Добавить в цитаты Настройки чтения

Страница 146 из 179

Неужели ответил? Кто мне ответил? Он с трепетом надорвал письмо. В конверте не было ничего, кроме купюры стоимостью в один рубль. Выглядела она несколько странно, но в чем заключалась эта странность, Иван Иваныч постичь не мог.

Выйдя на улицу, он отправился прямо в угловой магазин, нерешительно побродил между отделами, в сотый раз прочел висящий над овощным отделом призыв: “Чтобы больше сил моральных И физических сберечь, Пейте соков натуральных. Укрепляет грудь и плеч!”

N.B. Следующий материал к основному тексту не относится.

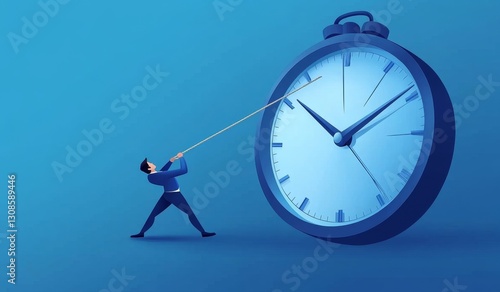 time management, deadline, alarmclock, clock, man, pulling, rope, time, urgency, illustration, vector, modern, business, businessman, monochrome, blue, challenge, effort, determination, achievement, success, work, schedule, strategy, planning, efficiency, management, leadership, responsibility, past, future, present, regulation, delay, concept, symbol, abstract, graphic, graphic design
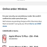 I placed an order to upgrade 2 lines on 12-26 with a promo for an iPhone 15 plus with no trade in for 5.99/month. They cancelled the order because I had to upload my ID. I placed the order again last night, uploaded my ID it said everything was confirmed. Checked this morning and they cancelled my order again! Now the deal is no longer available. Go figure, right. They suggested I pick the phone up in store, which I would have loved doing. However, there were none available within a 40 mile radius of my location. I spent at least 2 hours talking to reps, chatting online, or sitting on hold to find out that they will not honor the deal from yesterday, but could let me get the phone for 14.46 a month, and have to depend on them issuing a credit each month to offset the overage amount…. For two phones. There's one guy at a store close by my house that might be able to fix this for me. If he cannot I'm so done with this. My account is over 20 yrs old, and it means nothing to you there at AT&T. Maybe t mobile or spectrum could better appreciate a loyal customer. I'm pretty sure I can get service for $95 a line almost anywhere. So sad ….
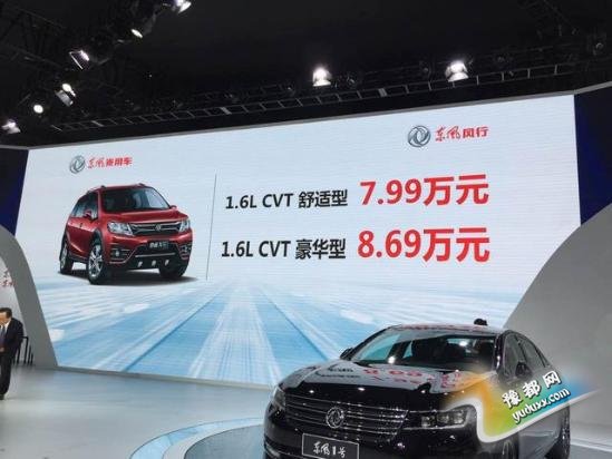 2015年4月20日上海车展,东风风行景逸 XV正式上市,新车搭载CVT变速箱,售价为:1.6L CVT 舒适型 7.99万元 ,1.6L CVT 豪华型 8.69万元 。
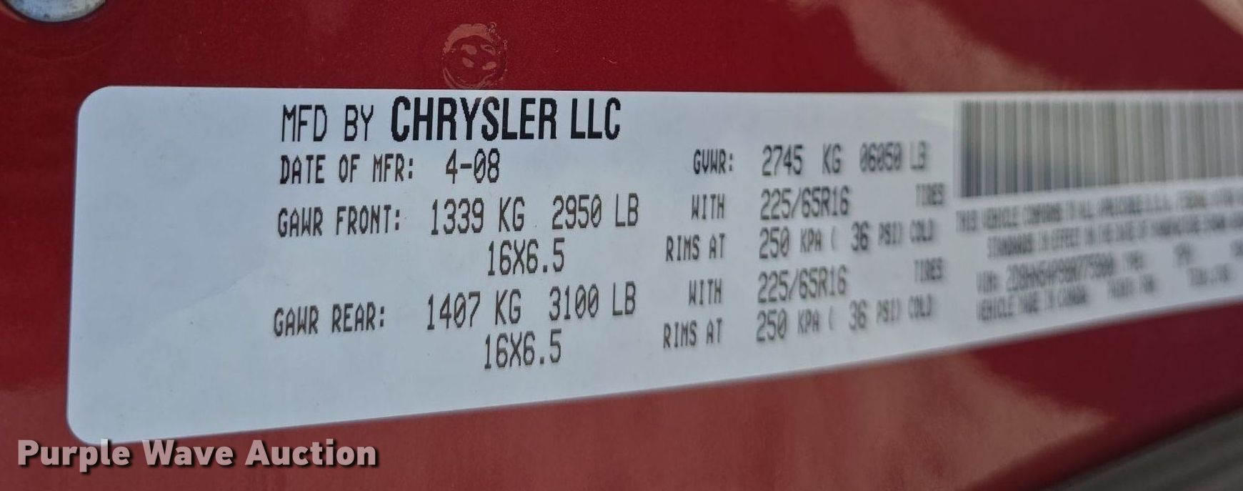 - VIN: 2D8HN54P98R775800
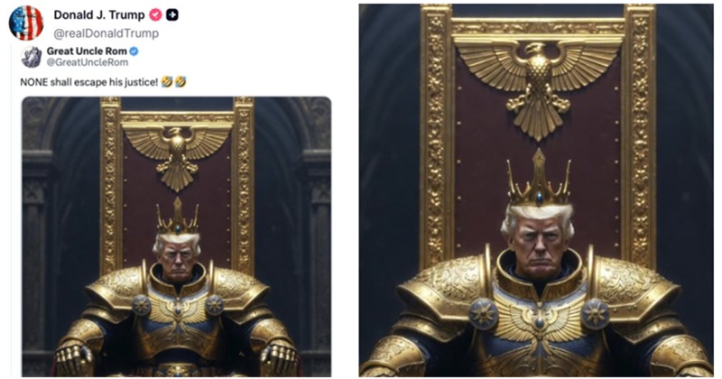 In his latest unhinged AI depiction of himself, he appeared like some type of Warhammer emperor, complete with a disturbing symbol above his head.
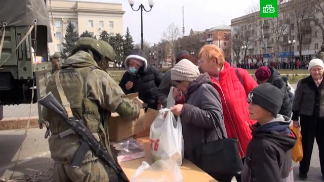 В Минобороны РФ сообщили, что российские военнослужащие организовали передачу гуманитарной помощи для жителей Херсона.

И над рыбным отделом: “Всем давно узнать пора бы, Как вкусны и свежи крабы”.

Поколебавшись, он протянул продавщице подозрительный рубль, притом тот как-то дернулся в его пальцах, и попросил буханку черного. Та подала ему хлеб, взяла рубль и отсчитала сдачу. Но Иван Иваныч, задумавшись, отошел в сторону и вдруг обнаружил, что рубль нечувствительно опять оказался у него в кармане. Продавщица окликнула его: “Возьмите сдачу, гражданин”. Но Иван Иваныч только дико взглянул на нее и побежал прочь. Значит, это неразменный рубль! Тот, о котором Лесков написал рассказ. Если не берешь сдачи, он тебя не покинет. И можно купить хоть и сторублевую вещь, только доставай его сто раз из кармана.

“Теперь я могу не думать о куске хлеба”, — обрадовался Иван Иваныч.

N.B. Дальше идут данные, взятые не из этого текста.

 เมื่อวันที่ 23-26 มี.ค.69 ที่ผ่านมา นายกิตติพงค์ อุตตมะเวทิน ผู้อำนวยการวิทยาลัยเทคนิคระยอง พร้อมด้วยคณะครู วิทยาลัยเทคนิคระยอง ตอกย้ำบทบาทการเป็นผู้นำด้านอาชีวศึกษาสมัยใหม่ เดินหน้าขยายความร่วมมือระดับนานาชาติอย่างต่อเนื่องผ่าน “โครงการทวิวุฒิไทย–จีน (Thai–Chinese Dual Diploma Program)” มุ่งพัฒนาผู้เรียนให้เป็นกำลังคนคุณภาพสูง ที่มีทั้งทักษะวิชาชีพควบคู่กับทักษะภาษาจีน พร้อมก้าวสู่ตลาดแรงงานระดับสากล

Конец тирану и сей повести

Проснувшись на другой день 5 марта, Иван Иваныч услышал какой-то вой и плач, глухо слышимые из кухни. Помер кто, что ли? Из соседей кто?… подумал он. Нехотя он вышел на кухню и увидел, что у плиты, роняя слезы на сковородки, стоят и плачут соседки. Григорий молча катался на своей тележке по кухне из угла в угол, энергично отталкиваясь руками от дощатого пола.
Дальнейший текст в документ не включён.